I How to study a particle with several features?

[Tio Barnabe]

Usually textbooks on QM deals with systems with a single feature. For example, we could analyse electron spin. In such case the state vector is a (function?) only of the corresponding "spin variable" for spin, etc...
But suppose I'm interested in say, study about electron spin and also its position. In such a case, the state vector would need to contain information of both spin and position, correct?
How can we proceed in this case? Should we consider spin part as being in a space while position part in another? And make the (appropriate, according to the rules) product between these spaces? If the answer is, yes, I have the following question: What would be the dimension of the resulting product space?

For instance, the electron spin space would be 2 dimensional, while the position space would be 3 dimensional. Would the dimension of the resulting product space be 5?

Also, based on my questions above, if someone could indicate me some good lectures on web about the related math of the Hilbert space, such that I could finely understand how to mathematically describe what I asked, I will appreciate.

I have found excellent books about Hilbert Space in the uni library, but unfortunately none of them deals with the situation above, i.e. the rules, algebra, etc, when we have to consider product spaces.

 

[zonde]

In QM electron can be in superposition of positions and this superposition is not some other new position but rather part of probability amplitude here and part of probability amplitude there. So position space is infinite dimensional i.e. for each position it's own dimension. For spin it's only three dimensions as superposition of spin states is new spin state in certain direction.

 

[Tio Barnabe]

Oh, yes. I realized that! The components of a state vector can even be written as the probability amplitude for the state to be in each of the positions, if I remember well... As there are infinite possible positions, the space is infinite dimensional.

I'd like to receive a answer for my other questions, though.

 

[DrClaude]

Yes, you can build up the full Hilbert space by considering a direct sum the tensor product of a Hilbert space for position/momentum, a Hilbert space for spin, etc.
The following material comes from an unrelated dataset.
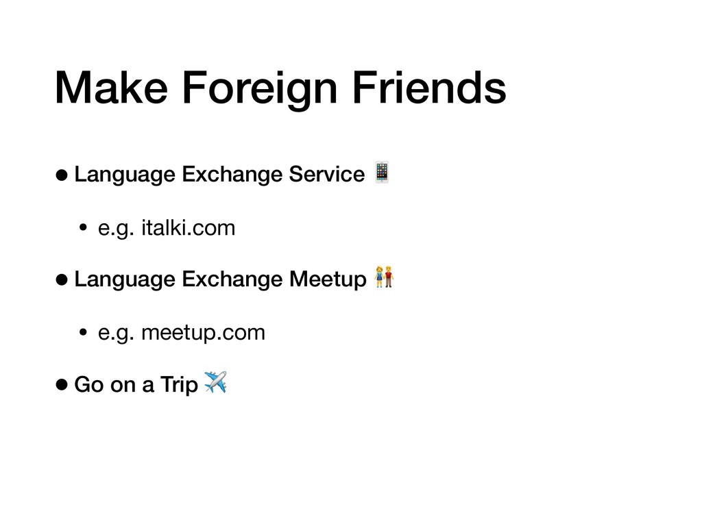Make Foreign Friends •Language Exchange Service • e.g. italki.com •Language

You do the same when considering more than one particle.

I don't know of any online resource, but if your library has a copy of Greiner's Quantum Mechanics - An Introduction, it has a good chapter on the subject.

 

[Tio Barnabe]

Thanks dr Claude

Greiner's Quantum Mechanics - An Introduction, it has a good chapter on the subject.
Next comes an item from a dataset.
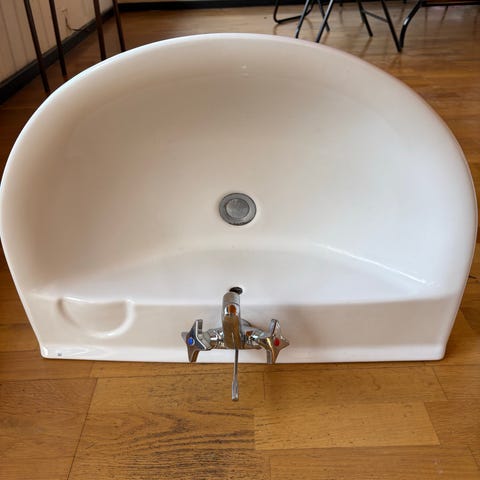 Ifö håndvask i hvid keramik. Rektangulær model med afrundet bassin og hul til armatur i den ene side. Der medfølger vægbeslag og et armatur, som ses på billederne. Velegnet til montering på badeværelse eller gæstetoilet, hvor der ønskes en kompakt væghængt løsning.

do you know what chapter is that?

 

[A. Neumaier]

Yes, you can build up the full Hilbert space by considering a direct sum of a Hilbert space for position/momentum, a Hilbert space for spin, etc.

No, not a direct sum!

One needs a tensor product of the position Hilbert space and the spin Hilbert space. This means that wave functions are functions of the position coordinate and the spin index.

 

[DrClaude]

No, not a direct sum!

You are right, of course.

 

[DrClaude]

do you know what chapter is that?

Chapter 16

 

[Talisman]

Have you seen examples that consider the joint state of, say, particle 1's spin and particle 2's spin? Their joint state comes from the tensor products of the individual state spaces in exactly the same way as the first particle's spin and any other commuting observable.